Below this line are records; write out exactly the lines from the one containing "室内の温度が下がるか調べるそうです。 種から育てるのは、さすが若西っ子!! 教室で大切に育てています。" through the one containing "2021款宾利添越4.0T V8美规内饰", with the pictures left out.

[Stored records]
_ _ _ _ _

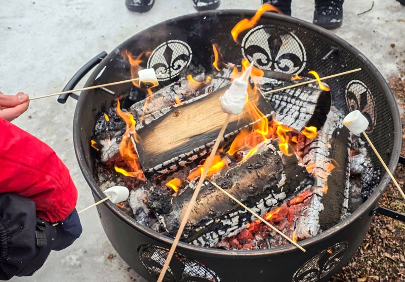 Partiolaisten nuotiolla sai itse valmistaa herkkujen herkkua, paahdettuja vaahtokarkkeja!
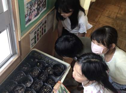 *5/21 たねまき子の観察日記4 ゴーヤの芽* 公開日 2025/05/21 更新日 2025/05/21 特色ある学校づくり推進事業 4年生は、環境教育の一環として、 ゴーヤで緑のカーテンを作り、 室内の温度が下がるか調べるそうです。 種から育てるのは、さすが若西っ子!! 教室で大切に育てています。
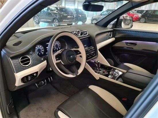 2021款宾利添越4.0T V8美规内饰保持奢华的主旋律,双翼造型为设计理念,延续了宾利家族的造型风格,木质饰面与金属元素搭配相得益彰,都采用非常珍贵的木材和皮革;真皮包裹的方向盘手感无与伦比,这是一台为驾驶者打造的豪华越野。
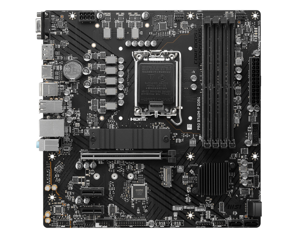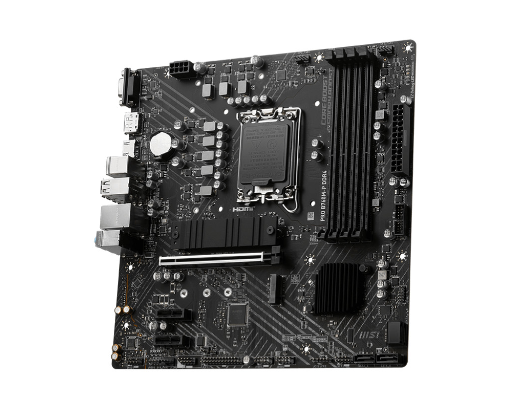MSI PRO B760M-P DDR4 — это надежная материнская плата формата микро-ATX на чипсете B760, специально разработанная для работы с памятью DDR4 и процессорами Intel 14‑го, 13‑го и 12‑го поколений. Устройство идеально подходит для игровых систем, рабочих станций и повседневных компьютеров, где важны стабильная производительность, совместимость с существующей оперативной памятью и эффективное охлаждение ключевых компонентов.
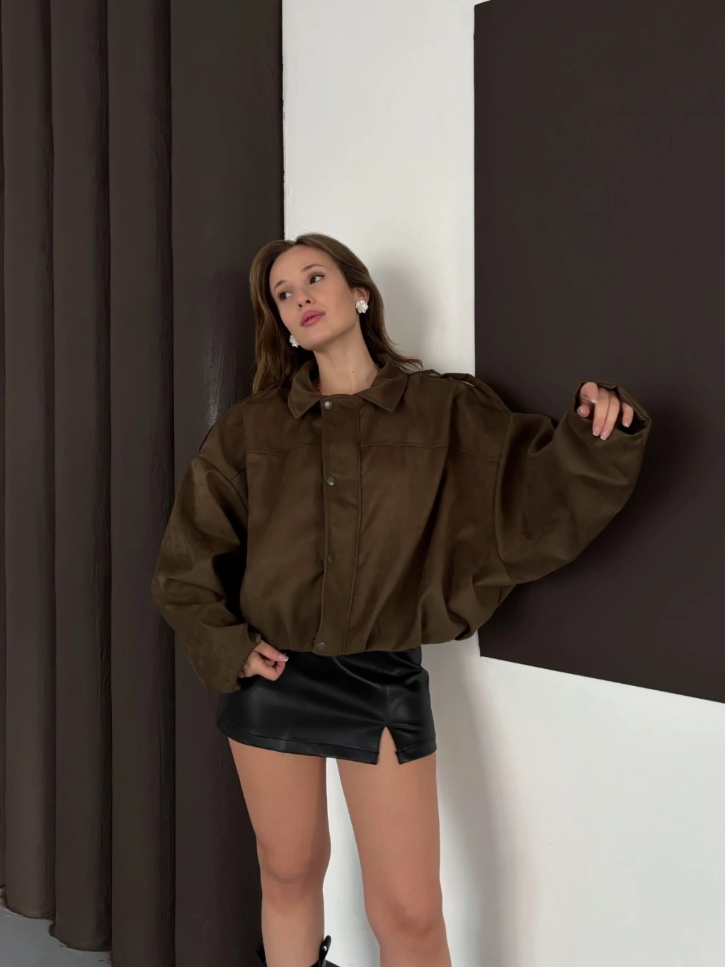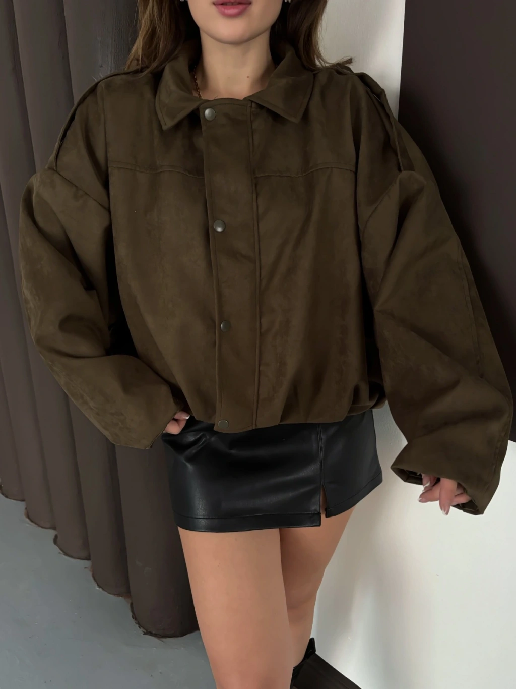 Kruvaze Yaka Cepli Kısa Kaşe Ceket Kahve

_ _ _ _ _

RESULT —
 *5/21 たねまき子の観察日記4 ゴーヤの芽* 公開日 2025/05/21 更新日 2025/05/21 特色ある学校づくり推進事業 4年生は、環境教育の一環として、 ゴーヤで緑のカーテンを作り、 室内の温度が下がるか調べるそうです。 種から育てるのは、さすが若西っ子!! 教室で大切に育てています。
 2021款宾利添越4.0T V8美规内饰保持奢华的主旋律,双翼造型为设计理念,延续了宾利家族的造型风格,木质饰面与金属元素搭配相得益彰,都采用非常珍贵的木材和皮革;真皮包裹的方向盘手感无与伦比,这是一台为驾驶者打造的豪华越野。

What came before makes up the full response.